This morning we drove up the Delaware coast to Lewes, where we took the ferry across Delaware Bay to Cape May, New Jersey. This was a fancier and more expensive ferry than those we took in North Carolina. We sat in a comfortable lounge enjoying the views and our fellow passengers. A colorful four story hotel in Cape May, New Jersey, with red awnings and a red-roofed gazebo on top. Cape May architecture

The Lewes - Cape May ferry was almost put out of business by the freeways and turnpikes that made for fast crossings of the Delaware further north; but Atlantic City gambling gave the ferry a new life. Many of our fellow passengers were gamblers, and couldn't wait for a little action; they played poker and gin for money at the tables around us while we worked our cryptic crosswords.

Cape May is another charming coastal town. It has restored its nineteenth century Victorian houses to shining splendor, and built new ones with architecture to match. Hundreds of yachts are sitting in boatyards awaiting their spring launching. Carpenters are busily repairing old homes.

This far north the season doesn't start until Mother's Day, but people are looking forward eagerly to crowds of weekenders and vacationers. We stopped for lunch in Wildwood, New Jersey, which is trying to make a virtue of its miles of shabby 1950s architecture -- they call it "the Doo-Wop School of Architecture" and offer tours, displaying old neon signs, flared restaurant facades and the like. Our waittress told us they were preparing for a Mustang show, new this year, and also a Corvette show. This will bring their total of classic car shows to four yearly! The board walk is wide and wood planked and runs for a long distance up and down the beach in front of the stores and hotels and attractions Atlantic City boardwalk

From our point of view, Wildwood was the tackiest beach town we've seen, but we still noticed lots of money being spent on sprucing the houses up for the season. The point is, America is investing in waterfront property; homes close to the beach can be rented dearly enough in season to make a good profit.

The beach islands in southern New Jersey are separated by inlets where the ocean rushes in to marshy salt water bays. There's a bridge across each one of these inlets, a total of five. Oblivious to modern traffic safety principles, each bridge is two-laned and narrow and right at the top of the arch the roadways widen out just a little to make room for a little house in the middle where a toll collector gets fifty cents.
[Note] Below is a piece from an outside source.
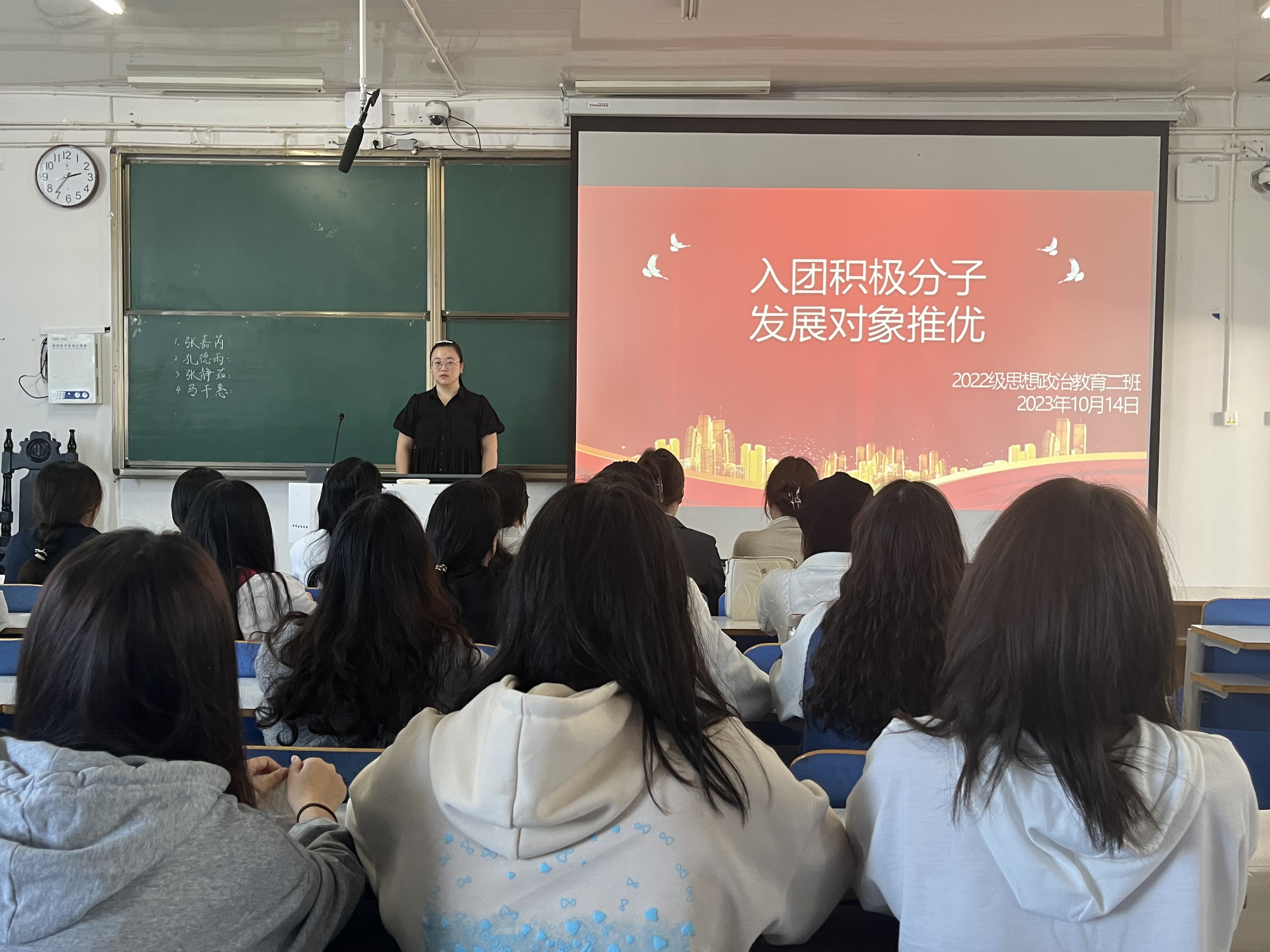 10月14日下午,太阳集团tyc59972022级思想政治教育二班在社科楼514教室召开入团积极分子发展对象推优大会。我院2022级思想政治教育二班全体成员共同参与此次推优大会。大会由团支书李佳音主持。

The northernmost bridge is closed, being replaced by a new one. We found ourselves wondering if New Jersey will step forward into the 21st century, or else put another tiny tollhouse to crown its new bridge!

Having visited Las Vegas often while we lived in California, we didn't expect wonders from Atlantic City, but there are lots more people living east of the Mississippi than west, and Atlantic City pulls them in. Even on a cold spring weekend busloads of gamblers from Philadelphia and further away had deposited their cargo on Friday and parked in huge lots until Sunday when they'll haul them home again.

The hotels, including ours, are overpriced and undermaintained, and not at all well equipped for folks who want to set up their laptops and send out their trip reports. In fact, hotel rooms in gambling towns tend to be spacious but Spartan, to encourage the players to return to the casinos.